Did you know it’s impossible to read a cookbook or a camera manual in the dark?
When the sun finally woke up, my new Cookbook jumped from the floor to my hands!
Barnes & Noble is NOT far enough away from my home.
I don’t go for Starbucks or donuts.
I don’t go for the social link ups or the chit chat at the corner table.
I sit my butt down in the Cookbooks or Camera/Photography aisle and drift into “happy hour -s.”
(I don’t really sit . . . I stand)
I’m wondering,
Is there such a thing as Cookbooks anonymous?
In my house, we do a slightly odd and crazy thing.
We take very soft store-bought sandwich type bread . . . squish it tightly in the palm of our hand . . . then eat it.
I love soft squishy sandwich bread,
but
Chewy, dense, crusty Artisan Bread is my weakness, dipped lightly in Olive Oil & garlic.
When I spotted the Artisan Bread in Five Minutes a Day Cookbook,
I muttered . . . “yeah right.”
Five minutes . . . yeah right.
It isn’t possible to take just five minutes a day and end up with hot crusty Artisan Bread.
Yeah right.
I was wrong!
Well, let me explain.
Once you take 10 minutes to make the dough . . . and let it proof for 4 to 6 hours . . . you sure can.

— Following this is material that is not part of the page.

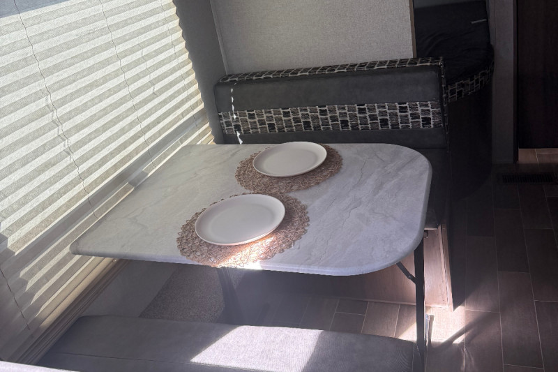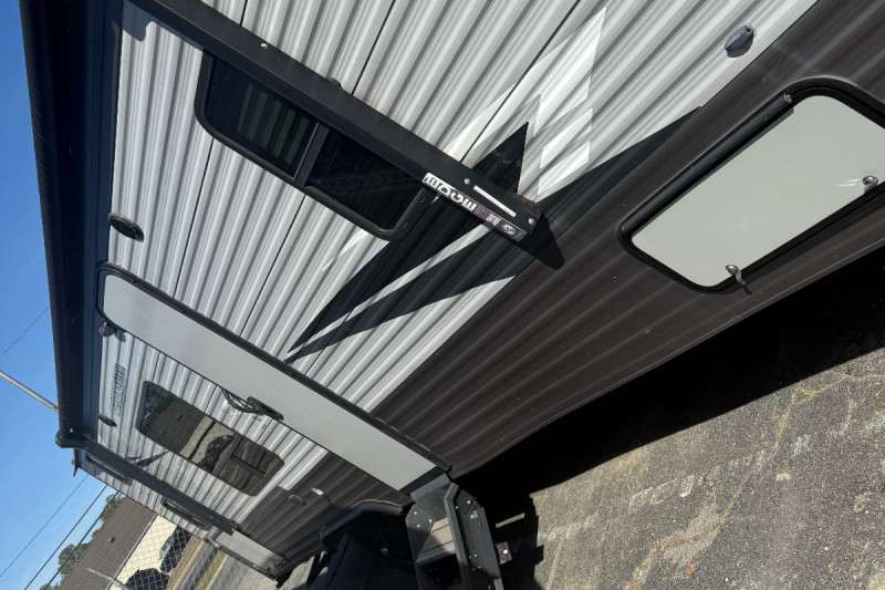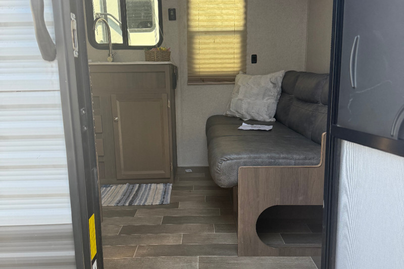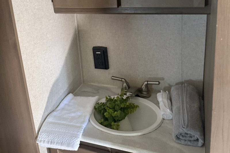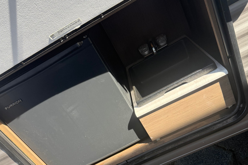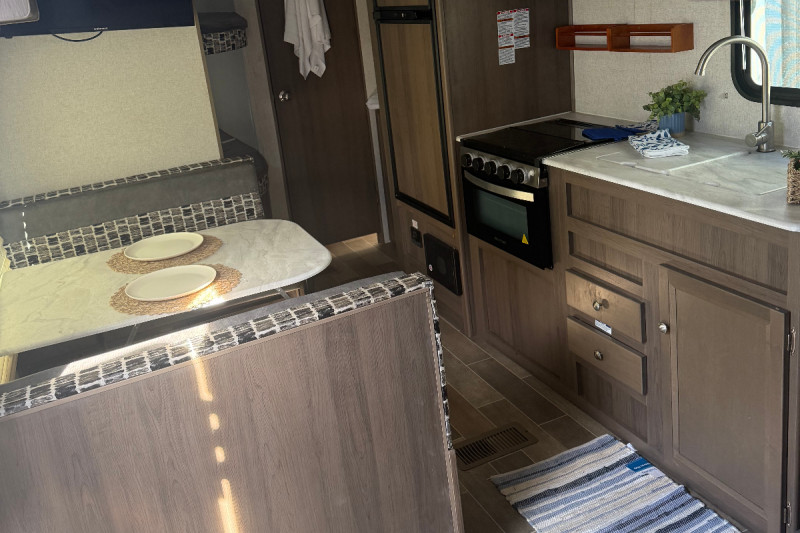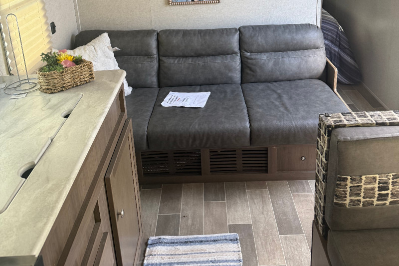 Inside, you'll find all the comforts of home—plentiful sleeping areas, a well-equipped kitchen, and convenient storage. Outside, enjoy the added bonus of an outdoor kitchen featuring a refrigerator and prep/hand-washing sink—perfect for cookouts under the open sky.

The recipe I’ll share below, makes four glorious loaves of Artisan Bread. Whenever you feel like fresh baked bread, you simply take the dough out of the fridge . . . cut a chunk of dough . . . about the size of a grape fruit. Shape it quickly and score it with a sharp knife. It takes a mere five minutes from the fridge to the shaping. You really only need to let it sit for about 40 minutes before baking. I got a bit carried away with my scoring and the proof is in the pictures. You see, the dough has very little yeast and is much wetter than your typical bread dough. The first day, I baked a round loaf and made a glorious pizza for dinner. The cookbook has a myriad of Artisan style bread recipes. After the initial making of the dough and rising period . . . it simply takes five minutes a day, to shape your loaf of bread. You can store the dough in the fridge for up to two weeks. Fresh Baked Bread is just five minutes away! Wonderful. The cookbook has pretzel, brioche, french and dozens of other bread recipes.
Now . . . you remember that fabulous Blendtec Blender giveaway? We have a lucky winner.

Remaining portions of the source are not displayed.